Hybrid garbage collection is shown below:

Hybrid GC is also a replication cleanup strategy that refrees space when the GC is complete.

This is the end of the hybrid GC. In the next section we move into tuning practices.

Tuning practices

MaxGCPauseMillis tuning

The most basic parameters for using GC were described earlier:

-XX:+UseG1GC -Xmx32g -XX:MaxGCPauseMillis=200

MaxGCPauseMillis = MaxGCPauseMillis This parameter is literally the maximum pause time allowed for GC. G1 tries to ensure that each GC pause is within the set MaxGCPauseMillis range.

So how does the G1 achieve maximum pause times? This refers to another concept, CSet(Collection set). It means a collection of regions that are collected in a garbage collector.

  • Young GC: Select all Cenozoic regions. Control the overhead of the Young GC by controlling the number of regions in the new generation.

  • Mixed GC: Select all regions in the new generation, plus some old regions with high revenue according to global Concurrent marking statistics. Select the old region with high income as far as possible within the cost target range specified by the user.

Problem 3: Needs to be set within this limit. But what value should you set?

  • We need a balance between throughput and MaxGCPauseMillis. If MaxGCPauseMillis is set too small, GC will be frequent and throughput will decrease.

  • If MaxGCPauseMillis is set too high, the application pause time will be longer. The G1’s default pause time is 200 milliseconds.

Other tuning parameters

-XX:G1HeapRegionSize=n

Set the size of the G1 region. The value is a power of 2 and ranges from 1 MB to 32 MB. The goal is to partition about 2048 regions based on the minimum Java heap size.

-XX:ParallelGCThreads=n

Sets the value of the number of STW worker threads. Sets the value of n to the number of logical processors. The value of n is the same as the number of logical processors, up to 8.

If there are more than eight logical processors, set the value of n to about 5/8 of the number of logical processors. This applies in most cases, except for larger SPARC systems, where the value of n can be about 5/16 of the number of logical processors.

-XX:ConcGCThreads=n

Sets the number of threads to mark concurrently. Set n to about 1/4 of the number of parallel garbage collection threads (ParallelGCThreads).

-XX:InitiatingHeapOccupancyPercent=45

Sets the Java heap usage threshold for trigger marking cycles. The default usage is 45% of the entire Java heap.

Avoid using the following parameters:

Avoid explicitly setting the young generation size with the -xMN option or other related options such as -xx :NewRatio. Fixed the size of the young generation to override the pause time target.

Trigger a Full GC

In some cases, G1 triggers a Full GC, at which point G1 degenerates to use the Serial collector to clean up garbage, using only a single thread to do GC work, and GC pauses of seconds.
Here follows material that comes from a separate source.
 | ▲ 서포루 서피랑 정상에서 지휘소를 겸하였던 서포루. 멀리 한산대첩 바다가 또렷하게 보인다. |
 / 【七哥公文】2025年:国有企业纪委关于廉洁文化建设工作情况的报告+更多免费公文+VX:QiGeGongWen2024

The entire application is in suspended animation, unable to handle any requests, and our application certainly doesn’t want that. So what happens when a Full GC happens?

Concurrent mode failure

G1 starts the marking cycle, but the old age fills up before Mix GC, at which point G1 abandons the marking cycle. In this case, either increase the heap size or adjust the cycle (e.g., increase the number of threads -xx :ConcGCThreads, etc.).
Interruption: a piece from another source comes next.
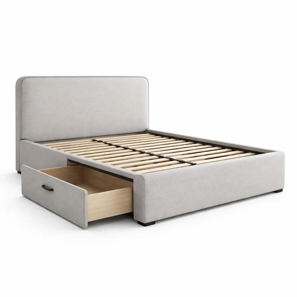 Design : tête de lit rembourrée; pieds en bois massif; un tiroir de rangement intégré.

Failed promotion or evacuation

G1 does not have enough memory for live or promoted objects at GC time, triggering the Full GC. You can see it in the log (to-space Exhausted) or (to-space Overflow).
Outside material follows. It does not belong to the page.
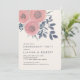 Les invitations modernes aux fêtes florales comportent un amas de fleurs de pavot d'aquarelle qui descendent du coin supérieur gauche. Les tons chics de rose pâle, bleu marine fumé et vert chasseur défraîchi sont frais et beaux pour votre événement de printemps ou d'été. Ajoutez les détails de votre fiançailles en lettres bleues et grises modernes de minuit contre un arrière - plan en ivoire pâle. La carte revient à bleu nuit. Magasinez les articles correspondants de notre collection Peach Poppies présentée sur cette page.

The solution to this problem is:

  • Increase the value of the -xx :G1ReservePercent option (and increase the total heap size accordingly) to increase the amount of memory reserved for the “target space”.

  • By reducing – XX: InitiatingHeapOccupancyPercent start marking cycles ahead of time.

  • You can also increase the number of parallel tagged threads by increasing the value of the ** -xx :ConcGCThreads ** option.

Giant object allocation failed

When a large object cannot find a suitable space to allocate, Full GC is started to free up space. In this case, avoid allocating a large number of mega objects, increase memory or increase -xx :G1HeapRegionSize, so that the mega object is not a mega object.